The authors refer to smartphones as an “extended mind,” and make causal claims about the effects of this technological extension upon the current and futures state of human cognition. Namely, they predict that increased use of smartphones to gather information will indulge the human tendency towards lazy thinking, and we will become increasingly reliant upon devices. That is, the authors predict an outsourcing of critical thought. It’s kind of scary, really.

But before the phone stackers triumphantly proclaim that they told us so! Let’s look more closely at the research and the underlying assumptions of the research question.   

The authors base their findings on 3 studies, in which they ask participants to self-report about device usage and then give them a series of tests on both cognitive style and cognitive ability. Cognitive style refers to the tendency to engage in effortful thinking, while cognitive ability refers to the ‘computational power’ a person has available. Participants included Mechanical Turks (Studies 1 and 2) and College Students (Study 3). They find that using search engines via smartphone are negatively correlated with both style and ability.

Here is their hypothesis and rationale:

 One potential consequence of the accessibility of Smartphone technology is that the general disinclination and/or inability to engage analytic thinking may now be applicable not only to reliance on intuitive and heuristic thinking, but also to no thinking at all. A straightforward prediction follows from this line of reasoning: There should be a relation between these two forms of cognitive miserliness, such that those more prone to rely on intuitive cognitive heuristics should be more prone to heavy Smartphones use. We tested this prediction in three studies.

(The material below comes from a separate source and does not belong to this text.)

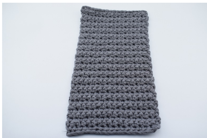
1. Lägg nu arbetet med avigsidan upp.

Actually, they tested more than intuitiveness, but also ability, yet I digress. This hypothesis implies (though does not state) a research question: How does smartphone usage affect cognitive processes? This is an important question, but one the research was never prepared to answer thoughtfully. Rather, the authors recast this question as a prediction, embedded in a host of assumptions which privilege unmediated thought.

This approach is inherently flawed. It defines cognitive functioning (incorrectly) as a raw internal process, untouched by technology in its purest state. This approach pits the brain against the device, as though tools are foreign intruders upon the natural body. This is simply not the case. Humans defining characteristic is our need for tools. Our brains literally developed with and through technology. This continues to be true. Brains are highly plastic, and new technologies change how cognition works. Our thought processes are, and always have been, mediated.

With a changing technological landscape, this means that cognitive tests quickly become outdated and fail to make sense as ‘objective’ measures of skill and ability. In other words, definitions of high functioning cognition are always in flux.  Therefore, in reading cognitive research that makes evaluative claims, we should critically examine which forms of cognition the study privileges. In turn, authors should make their assumptions clear. In this case, we can discern that the authors define high cognitive functioning as digitally unmediated.

Certainly, it is useful to understand how cognition is changing, and traditional measures are good baselines to track that change. But change does not indicate laziness, stupidity, or, as the authors claim, no thinking at all.  It indicates, instead, the need for new measures.

A more interesting question, for me,  is how are intelligence and thoughtfulness changing? Rather than understand the brain and the device as separate sources of thought, could we instead render them connected nodes within a thought ecology? Such a rendering first, recognizes the increasing presence of digital devices in everyday life, and second, explicitly accounts for the relationship between structural inequalities and definitions of intelligence.

Definitions of intelligence have a long history of privileging the skills and logics of dominant groups. If cognitive function is tied to digital devices, then digital inequality—rather than human deficiency—becomes a key variable in understanding variations. At some level, I think people already understand this. After all, is it not the underlying driver of digital literacy movements?

This was not the study I wanted it to be. It does, however, tell us something interesting. People are changing. Our thought processes are changing. This is a moment of cognitive flux, and mobile digital technologies are key players in the future of thinking.